Looking at the traffic with wireshark you see packets go in but they don't
come back. But other web sites work just fine. So you start ratcheting down
the MTU size on the outbound router until the non-functioning web site starts
returning your calls. Doing ping's with various sized packets can (if the
server is responding to pings) also identify the longest packet you can send
before someone between you and them decided they want a different fragment
size.

------
csense
There should be some sort of open-source testing environment for common
breakages. For example, maybe a bunch of VirtualBox VM's running Linux.

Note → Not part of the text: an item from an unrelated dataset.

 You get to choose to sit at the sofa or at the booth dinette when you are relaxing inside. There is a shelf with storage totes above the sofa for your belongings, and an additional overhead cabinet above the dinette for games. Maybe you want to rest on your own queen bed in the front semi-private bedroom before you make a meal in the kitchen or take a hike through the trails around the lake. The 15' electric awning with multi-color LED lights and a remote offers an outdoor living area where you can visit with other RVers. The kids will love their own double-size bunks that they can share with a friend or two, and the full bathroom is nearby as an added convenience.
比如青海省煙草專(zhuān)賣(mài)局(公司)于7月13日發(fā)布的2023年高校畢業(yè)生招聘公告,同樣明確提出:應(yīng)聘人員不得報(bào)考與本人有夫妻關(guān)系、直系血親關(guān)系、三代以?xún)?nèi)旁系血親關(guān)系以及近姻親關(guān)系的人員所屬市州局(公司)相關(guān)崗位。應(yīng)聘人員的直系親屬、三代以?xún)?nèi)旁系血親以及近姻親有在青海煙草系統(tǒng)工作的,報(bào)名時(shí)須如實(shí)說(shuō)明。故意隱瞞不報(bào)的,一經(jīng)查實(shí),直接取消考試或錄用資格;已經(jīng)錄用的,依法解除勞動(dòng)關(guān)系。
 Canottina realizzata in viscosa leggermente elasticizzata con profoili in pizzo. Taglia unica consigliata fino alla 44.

Maybe
a unit test for the problem mentioned in the article sets up machines A, B,
FW, and C connected A <-> B <-> FW <-> C, has B fragment packets, and has A
perform path MTU discovery to C. The firewall configuration under test goes on
FW and running the test will catch this problem.

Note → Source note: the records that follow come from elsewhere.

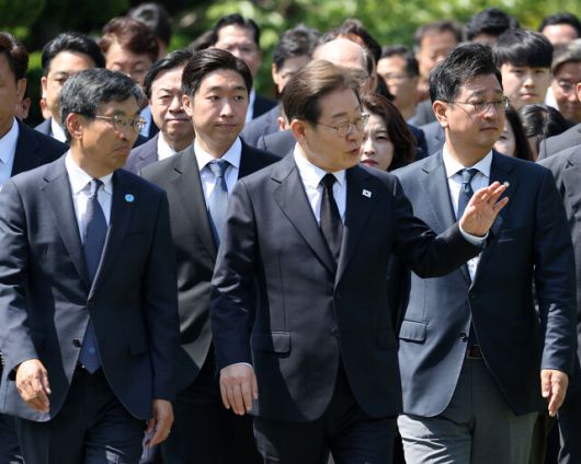 이재명 더불어민주당 대통령 후보가 14일 부산시 남구 유엔기념공원 찾아 참배를 위해 이동하고 있다. 연합뉴스 |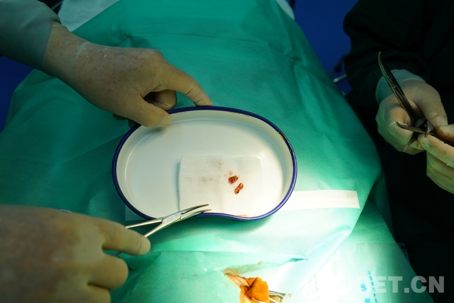 王貴懷、魏希發(fā)兩位專家于下午四點半左右從義診現(xiàn)場抵達白玉縣人民醫(yī)院,會同縣人民醫(yī)院院長李治宏,一起為患兒做了切除手術(shù),異物成功取出,并在隨后安排了病理檢查。手術(shù)完成后,孩子父母為醫(yī)生們獻上哈達,表達自己的感激之情。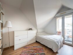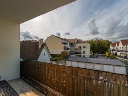 À l'étage, l'espace nuit propose deux chambres de 11 m² et 12 m², une salle de bains et un second WC indépendant. Chaque niveau bénéficie d'un balcon, offrant un véritable prolongement extérieur et une belle luminosité tout au long de la journée. L'appartement dispose également d'une place de parking extérieure et d'une cave en sous-sol, pour un confort au quotidien.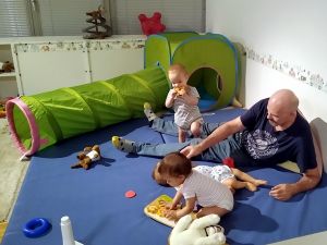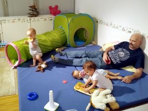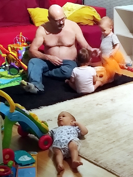 And this afternoon they did better than usual, no crankiness, they were all playing happily, with Daddy being with them, while Mommy was working. It was beautiful to watch! Sammy did some crawling around, while the others now walk all the time.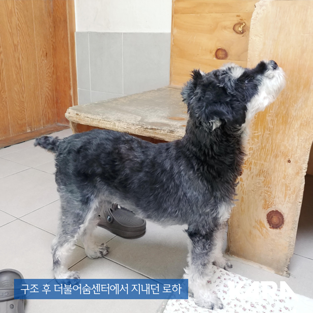 가족에게 버림받았지만 로하에게 다시 새로운 가족을 찾아주고 싶었어요. 그러나 로하는 만성적인 탈장을 가지고 있어 흥분하면 지속적으로 탈장이 재발했고 그때마다 탈장 수술을 받았습니다. 언제 탈장이 될지 모르는 로하는 그렇게 카라와 함께 호흡센터에서 지내며 건강관리를 계속했습니다.

With a good enough framework of this type, all the testing could be done "out
of the box" so all you have to do is set up a disk image or IP address of a
firewall box to test, and the testing is fully automatic. The firewall under
test can run any OS or firewall that will run as a VirtualBox client -- or
even be its own box connected to the testing machine's Ethernet port. Heck, if
you had machines on both sides of some third-party you don't control, like
your ISP, you could even use it to probe their network configuration for
issues without any special cooperation from them.

If the test suite gets good enough, maybe eventually pressure will build on
vendors to make their products pass and we'll see firewall brokenness start to
disappear.

As well as cloud services like AWS, such tests could be used by Linux distros,
operating system vendors, and network equipment manufacturers.

I'd build it myself, but I'm not a networking expert and I'm not particularly
enthusiastic about becoming one.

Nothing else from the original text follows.